▶ [Task instructions]:
Lines to return, exactly: from the line with "DESCRIÇÃO DO PRODUTO1." to the line with "在2020年春節(jié)即" in the entries below, both included.

▶ [Provided information]:

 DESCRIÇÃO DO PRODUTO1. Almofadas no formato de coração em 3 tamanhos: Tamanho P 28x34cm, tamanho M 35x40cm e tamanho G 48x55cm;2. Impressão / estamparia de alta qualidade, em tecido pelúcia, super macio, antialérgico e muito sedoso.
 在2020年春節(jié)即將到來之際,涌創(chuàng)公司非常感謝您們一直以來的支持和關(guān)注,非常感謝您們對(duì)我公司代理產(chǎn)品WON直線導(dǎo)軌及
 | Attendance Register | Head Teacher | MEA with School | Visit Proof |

...

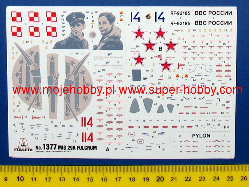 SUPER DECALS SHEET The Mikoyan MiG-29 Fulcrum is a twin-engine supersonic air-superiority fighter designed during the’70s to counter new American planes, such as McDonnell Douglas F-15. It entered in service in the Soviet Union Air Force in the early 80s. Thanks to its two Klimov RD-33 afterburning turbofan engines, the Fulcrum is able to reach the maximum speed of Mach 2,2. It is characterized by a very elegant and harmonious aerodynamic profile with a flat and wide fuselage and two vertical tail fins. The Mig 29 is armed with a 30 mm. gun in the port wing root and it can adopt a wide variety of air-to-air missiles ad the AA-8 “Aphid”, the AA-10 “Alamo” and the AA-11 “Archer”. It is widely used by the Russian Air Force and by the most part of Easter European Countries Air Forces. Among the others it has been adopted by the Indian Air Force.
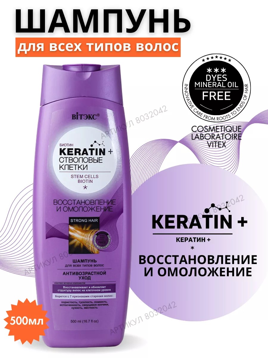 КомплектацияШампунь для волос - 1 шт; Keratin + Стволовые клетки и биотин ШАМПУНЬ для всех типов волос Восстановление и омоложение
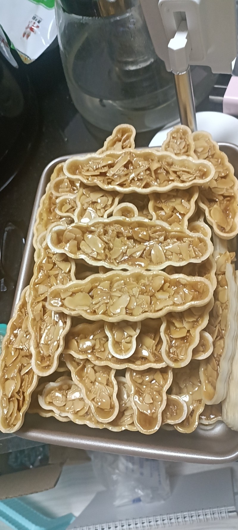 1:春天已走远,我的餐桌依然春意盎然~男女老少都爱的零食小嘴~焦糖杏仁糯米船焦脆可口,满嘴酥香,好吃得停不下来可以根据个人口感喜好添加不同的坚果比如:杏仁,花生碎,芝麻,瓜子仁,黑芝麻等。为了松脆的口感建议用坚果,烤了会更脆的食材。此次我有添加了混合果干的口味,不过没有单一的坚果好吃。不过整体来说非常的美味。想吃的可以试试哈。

▶ [Task output]:
 DESCRIÇÃO DO PRODUTO1. Almofadas no formato de coração em 3 tamanhos: Tamanho P 28x34cm, tamanho M 35x40cm e tamanho G 48x55cm;2. Impressão / estamparia de alta qualidade, em tecido pelúcia, super macio, antialérgico e muito sedoso.
 在2020年春節(jié)即將到來之際,涌創(chuàng)公司非常感謝您們一直以來的支持和關(guān)注,非常感謝您們對(duì)我公司代理產(chǎn)品WON直線導(dǎo)軌及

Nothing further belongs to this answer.